Diante do exposto, pode-se concluir que a integração dos assentados é de suma
importância para o desenvolvimento do turismo no ambiente receptor, onde a aceitação e a
aprovação do turismo por parte dos assentados rurais do Projeto de Assentamento Santa Maria
Agrovila Moleque viabilizará possíveis projetos do setor no assentamento, desse modo,
trazendo impactos positivos diretos aos assentados, como um aumento da renda, difusão e
dinamismo cultural, melhoria da infraestrutura básica, dentre outros.
O grau de aceitação da presença de turistas ou visitantes pela população local é
um dos principais fatores a serem considerados antes de se pensar em desenvolver a atividade
turística em uma localidade. A aceitação do turismo pela comunidade influencia não apenas a
relação harmoniosa entre os turistas e a comunidade, mas também influencia de forma
incisiva no processo de elaboração do Planejamento Turístico, bem como a implementação de
projetos e ações.
No PA Santa Maria Agrovila Moleque, verificou-se que 52% dos assentados
rurais são extremamente favoráveis à presença de turistas ou visitantes no assentamento, onde
os assentados dizem que os turistas ou visitantes podem contribuir para o avanço do
assentamento, avanço esse tanto na parte estrutural quanto na parte da geração de renda e na
troca de experiências entre os turistas e os moradores do assentamento.
Tem-se ainda que 36% dos assentados não são nem a favor nem contra a presença
dos turistas no assentamento; e junto com os 6% dos assentados que possui pouca oposição à
presença de turistas no PA Santa Maria Agrovila Moleque, justificaram suas respostas
dizendo que o turismo não pode acrescentar em nada no assentamento e que para eles pouco
importa a presença de turistas no assentamento, já que o mesmo não possui nada de atrativo a
oferecer. Verificou-se que 6% dos assentados são pouco favoráveis à presença de turistas ou
visitantes, pois apesar de ser pouco favoráveis, os mesmo acreditam que o turismo não tem
uma grande importância para que possa tornar o assentamento mais desenvolvido. E ninguém
se manifestou como sendo extremamente contrário.
4 Considerações finais
Esse artigo objetivou avaliar as perspectivas para o desenvolvimento do turismo
rural no Projeto de Assentamento Santa Maria Agrovila Moleque do município de Afonso
Bezerra-RN sob a ótica dos assentados rurais. De acordo com a pesquisa realizada, pode-se
concluir que o Projeto de Assentamento Santa Maria Agrovila Moleque possui perspectivas
contundentes para o desenvolvimento do Turismo Rural considerando a existência de recursos
naturais e culturais que podem ser aproveitados pela atividade turística, bem como de ricas
experiências rurais que podem ser vivenciadas pelo turista e/ou visitante.
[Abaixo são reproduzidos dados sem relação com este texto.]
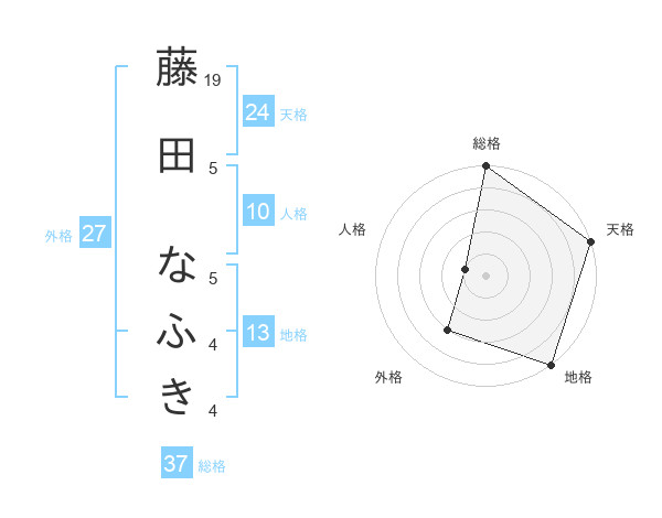 藤田 なふきさんを姓名の画数から五運を鑑定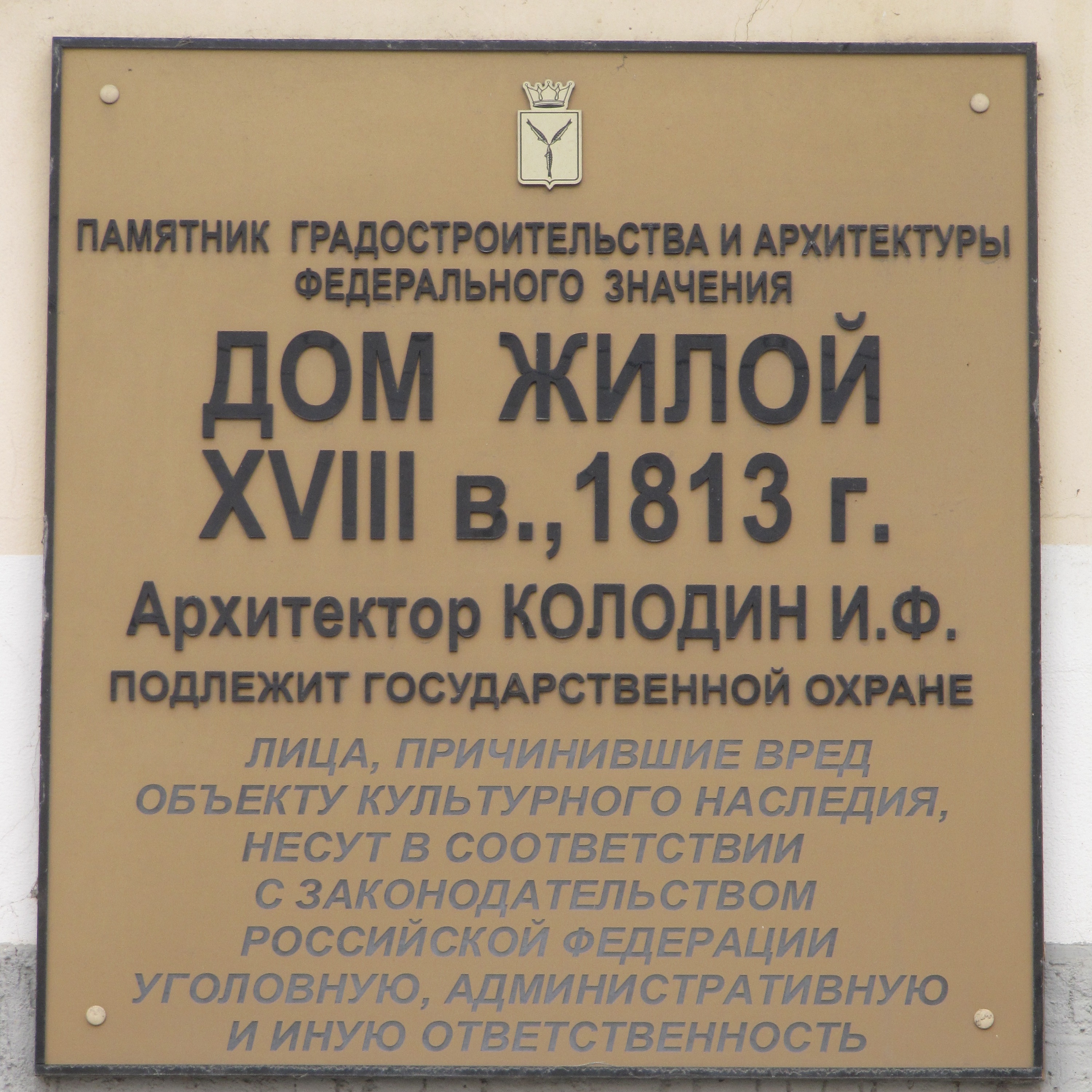 | 8) | 11. | Дом жилой, XVIII в., 1813 г. | Лермонтова ул., 34 | Классицизм, архитектор И. Ф. Колодин | [2] | |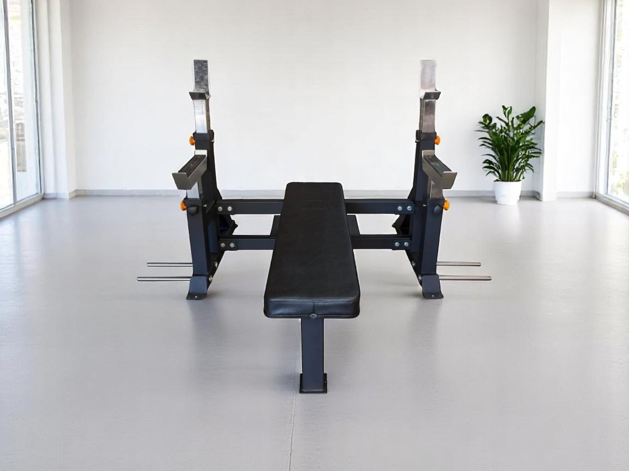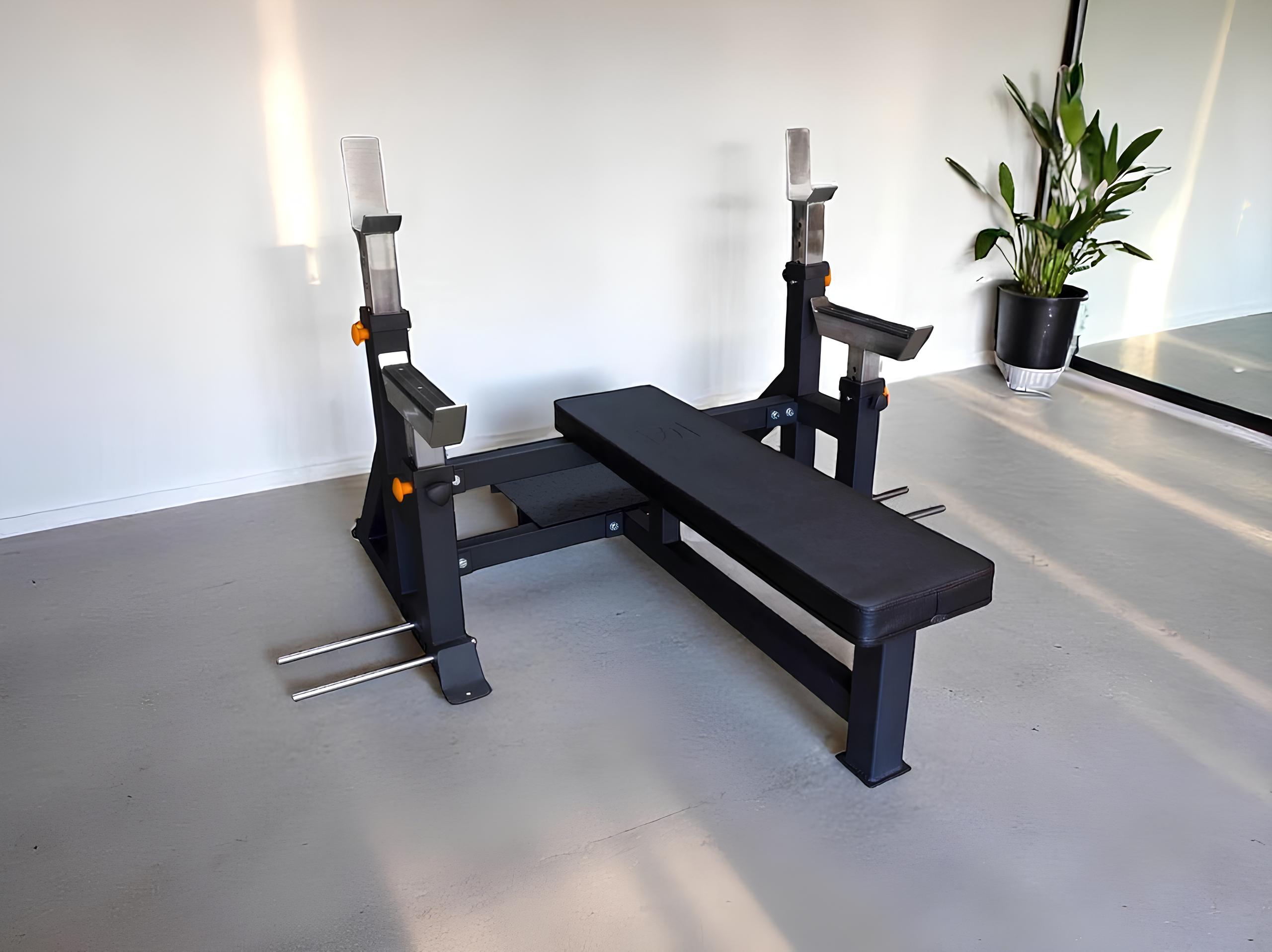Мощная, устойчивая олимпийская скамья для жима лежа.

As expectativas de desenvolvimento do turismo rural no PA Santa Maria Agrovila
Moleque respaldam-se ainda no grau de aceitação e aprovação do turismo pelos assentados.
Tem-se que mesmo sem reconhecer a potencialidade turística do Assentamento, os assentados
rurais apresentam um grau de aceitação ao desenvolvimento do turismo considerado
satisfatório, não tendo ninguém que se se manifestou como extremamente desfavorável.
No entanto, chama atenção a existência de parte significativa de assentados que
não são nem a favor nem contra a presença dos turistas no assentamento. Esse resultado
denota alerta para a necessidade de desenvolver ações informativas sobre o turismo no
assentamento para que os assentados passassem a reconhecer a potencialidade turística do seu
território, bem como de seus possíveis efeitos para a melhoria das condições de vida dos
agricultores e agricultoras rurais a partir da produção agropecuária e artesã associada ao
turismo. Nesse intuito, as cooperativas e de organizações associativas da sociedade civil
exercem um papel fundamental para estimular a produção e comercialização de produtos
produzidos no assentamento via práticas do turismo rural.
Mesmo diante de um cenário promissor fica evidente a necessidade de
desenvolver um conjunto de ações estratégicas direcionadas tanto para a melhoria da
infraestrutura básica, criação de equipamentos turísticos e de estruturação da oferta turística
do assentamento, como também ações de gestão e planejamento turístico que englobem o
município de Afonso Bezerra e demais assentamentos da região, considerando que atividade
turística não ocorre de forma isolada e desconectada com o território de seu entorno.